In popular culture, Indian people are referred to as “brown people” owing to the tan skin color most people have; however, the majority of them don’t seem to favor this brown shade. While skin tanning is a popular culture in Western countries, where the majority are people of European descent, in India, many people, mostly women, are very much invested in preserving their skin tones. Some even take careful and drastic measures to “whiten” their skin.
Skin tone is dominated by the concentration of melanin present in the skin, giving it its pigment. Because the Indian Subcontinent experiences harsh and direct sun rays, the Indian skin has evolved to resist the harm from the UV rays. However, most of us wish to rid ourselves of this pigment because it is undesirable.
The main focus is on women; in fact, the Indian marriage market for women pivots around their social status, financial status, caste, religion, education, and appearance. Women who have a fairer skin tone are preferred. If one looks at mainstream media, most actresses have extraordinarily lighter skin tones. The epitome of beauty in the Indian collective psyche is pale skin.

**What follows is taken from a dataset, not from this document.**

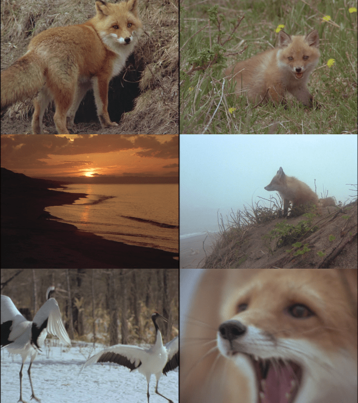 Kita-kitsune Monogatari is a family-oriented “documentary drama” about a family of foxes. It follows the story of Ezo red foxes in northern Japan. It originated as an idea from Shintaro Tsuji, who had read about the lifecycle of foxes in an academic journal. Originally intended to be a half hour TV show, the scope widened once Koreyoshi Kurahara got involved with the project, becoming a 2 hour long, rock-filled docudrama. The movie cost more than 2 million dollars and a crew of 30 shooting over 4 years, using specially designed telephoto lenses. This all resulted in over 700,000 feet, or about 150 hours, of film.

This sentiment has to do a lot with the colonization of India by Britain until 1947. The European person was supposed to be superior and beautiful, and the Indians were supposed to be savages, without etiquette and a desirable appearance. As a matter of fact, the habit of eating food with bare hands is still regarded as unhygienic by the masses, who mostly use cutlery to eat. The result is the inheritance of this complex revolving around a tan skin tone, which passes from generation to generation through constant remarks and phrases one hears, praising pale skin and equating dark skin with ugliness. The significant impact has been sustained throughout the years, is prevalent still, and controls our preferences or even lifestyles.
The market for skin-brightening products in India is huge and grows with time. Products aimed at it perform well in the market due to the obsession people have with pale skin. However, these products are often unsafe, and quality control is often ignored. A lot of botched products are also sold openly, and the prey of these products are always uneducated and unaware people. The fact stays the same; however, the preference for a paler skin tone is preferred by people of all strata and classes.
One wonders what this reflects about the standards of beauty we hold. Our desires are almost paradoxical; we reject something that is inherently ours because years ago our ancestors were told that it was inferior, but the obsession, this indulgence that has resulted, is a consequence of deep-rooted feelings of self-doubt.
But why have we, after more than seven decades of our independence, still relied on the opinions of people who are long gone?
The glorification of lighter, desirable skin in India is not a new lore, it has now impacted generations, walking us back to the grim and upsetting fact of the state of irrational beauty standards governing our society, the issue is important because for a country where the female literacy rate stands at 71.5% in contrast to the male literacy rate at 81%, where only 23.97% of the eligible women participate in the workforce, and where dowry is paid in 95% of the marriages, where in a situation like such, for a woman who has been blinded by the lustrous whiteness of the ideal skin tone since she could make sense of it, each gaze, measures her worth through her looks so it all ultimately boils down to, for her, at the matter of pale skin.